Ruben, after spending almost half his life behind bars, and suffering the weight of disciplinary measures, such as solitary confinement, draws the attention of the traumatic effects that these measures cause in the youngest.

“What we know is that those who are on hunger strike, in there today, They are kids (young) who practically begin their life. And sadly they made a mistake. But this system that treats them like animals, it will make them worse. “

The Exodus counselor, who also joined the request to improve the conditions of the inmates, punished even more by the COVID-19 outbreak, reasons that it is not only a Human Right, but a matter of “logic” .

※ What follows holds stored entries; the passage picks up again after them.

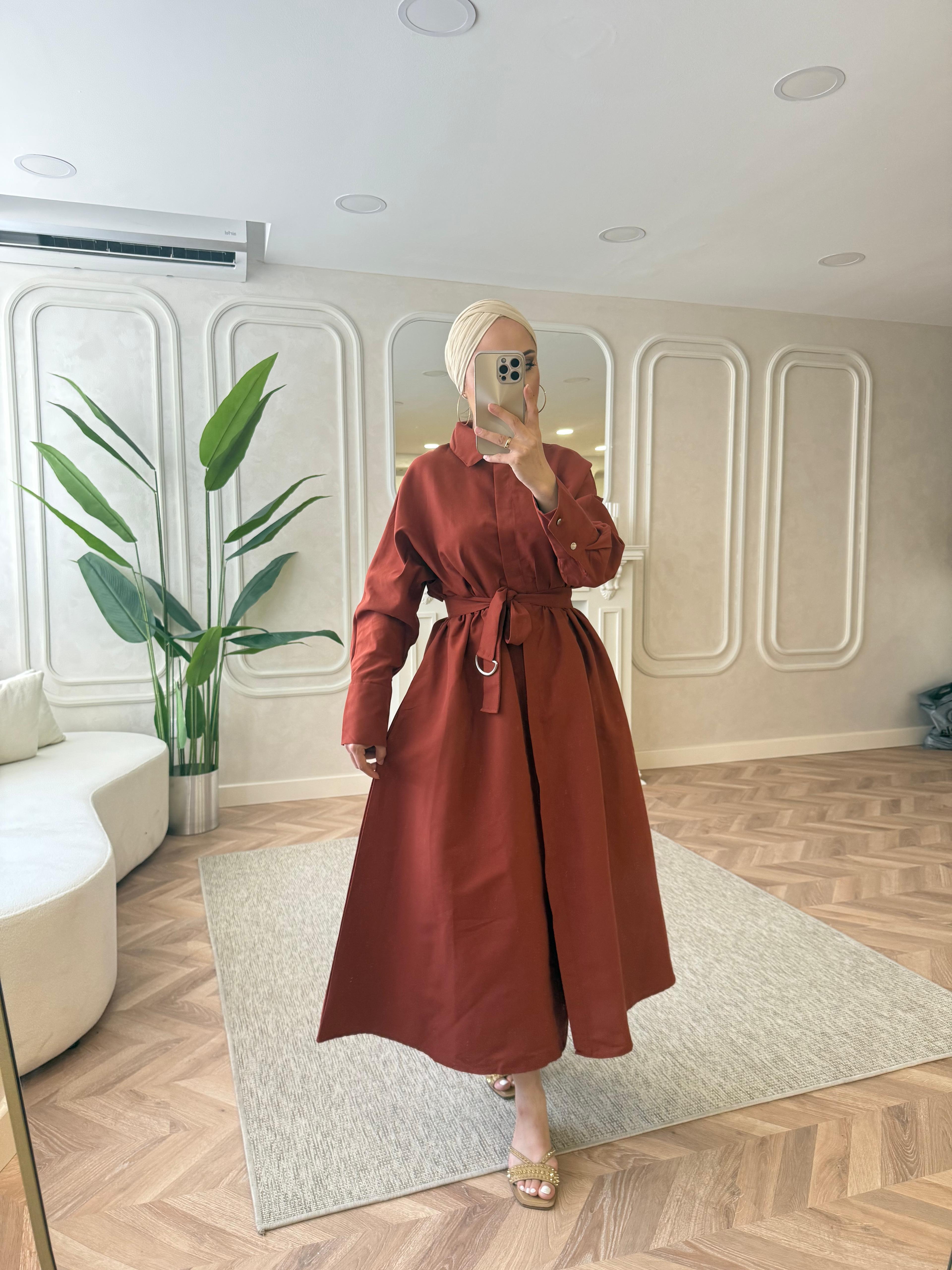 elbs-1172H&R ButikNos Düğmeli Elbise Kiremit
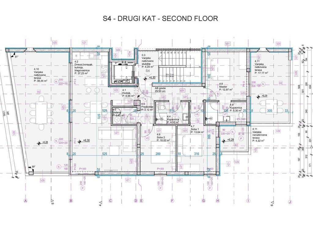 Stan S4 ima tri prostrane spavaće sobe, dvije moderno opremljene kupaonice, dnevni boravak povezan s kuhinjom i blagovaonicom te veliku vanjsku terasu (38.44 m2) za uživanje na otvorenom. Master soba ima izlaz na svoju vlastitu terasu od 17.17 m2, dok jedna spavaća soba ima svoju manju nenatkrivenu terasu od 4.22 m2.
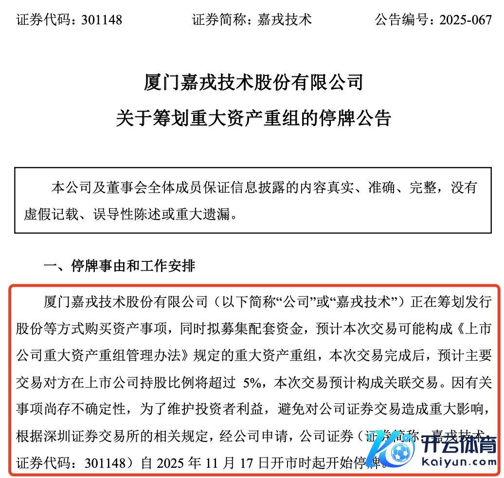 嘉戎手艺示意,臆度在不越过10个交游日的时刻内走漏本次交游决策。若未能在上述期限内召开董事会审议并走漏交游决策,公司证券最晚将于12月1日开市起复牌并隔断谋略联系事项。
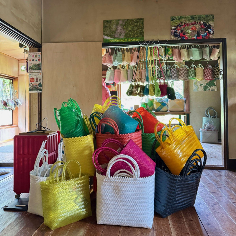 カゴバッグを1つお買上げ頂くと、オラウータンの暮らす森に植樹され、森をつくっていきます。

“I was in prison. I accepted my crime. I experienced what isolation means. Spending days in a tiny room, with bars, not talking to anyone, listening only to screams. I was punished for a hard head, for doing stupid things. I still live that trauma. Today, thanks to God, I am a new person, rehabilitated, who is at the service of others. The idea is that those who get out of prison do not turn out to be criminals, for having made a mistake when I was young ”, he concluded.

Violence and blood in NYC jails:

  • 10 prison facilities manages New York City, eight of which are located on Rikers Island, plus two jail rooms at Bellevue and Elmhurst Hospitals.
  • 16 people have died in New York City jails, including five who have committed suicide in the past 13 months.
  • 3 times greater is the use of force in these prisons since an independent monitor annually reports the violence.
  • 38 incidents involving serious injuries between January and June 2016 compared to 239 in the same period in 2021.
  • 23% of New York’s prison population is of Hispanic origin according to the trends of the last 5 years.